I see no reason to embrace the majority's one-sided view when the letter is not susceptible to one unambiguous reading. Although the letter states that plaintiff "remains unable to return to work in any capacity," it does not state that plaintiff is seeking indefinite leave or otherwise indicate that he would never be able to return to work. The letter instead explains that, because plaintiff is still sick, his return to work date is presently "indeterminate." The letter also makes clear that plaintiff does not wish to " 'abandon his position' " with Intesa, an assertion which, at a minimum, calls into question the majority's notion{**22 NY3d at 889} that plaintiff never intended to return to work. Moreover, given that the letter inquired into plaintiff's continued eligibility to receive his salary under Intesa's policy, it seems likely that, as later alleged in the complaint, plaintiff was requesting a temporary rather than a permanent leave of absence.

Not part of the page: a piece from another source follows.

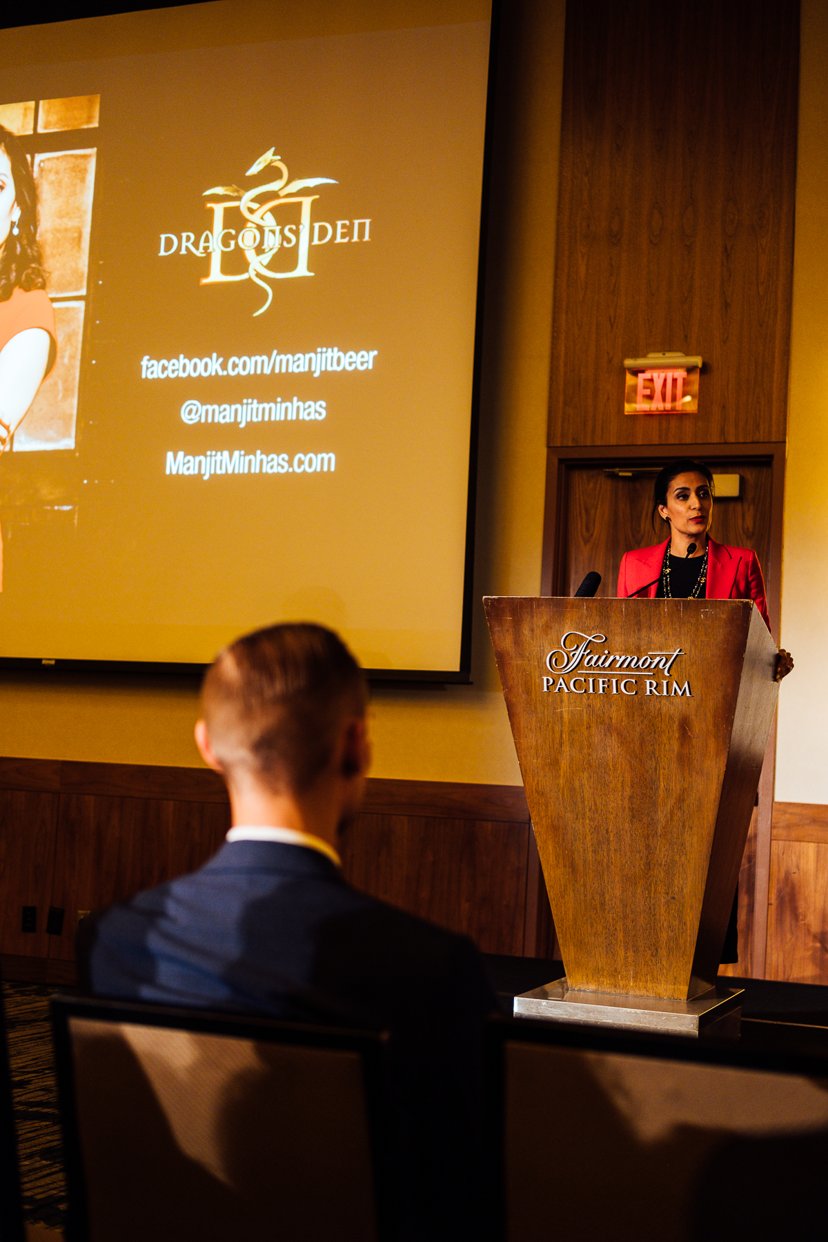 The fireside chat was followed by an inspiring keynote made by Manjit Minhas, a successful entrepreneur in the beer business and many other industries. She is also a Dragon on CBC’s Dragons’ Den! She gave an eloquent keynote, sharing her success story and the importance of having a mentor.

The majority holds that, under the State HRL, indefinite leave is not a reasonable accommodation as a matter of law. I disagree. A request for indefinite leave does not categorically excuse an employer from its "duty to move forward to consider [that] accommodation" (9 NYCRR 466.11 [j] [4]). Thus, even if plaintiff's letter could be construed as requesting indefinite leave, Intesa was still required to consider that request rather than simply terminate plaintiff without further discussion (see id.; Phillips, 66 AD3d at 176; Pimentel, 29 AD3d at 149).

In sum, I concur with the majority's disposition of the second cause of action related to the City HRL, but for the reasons stated, I would reinstate the first cause of action related to the State HRL.

Judges Graffeo, Read, Smith and Pigott concur; Judge Abdus-Salaam dissents in part in an opinion in which Chief Judge Lippman and Judge Rivera concur.

Order, insofar as appealed from, modified, without costs, by reinstating the second cause of action of the complaint and, as so modified, affirmed, in a memorandum.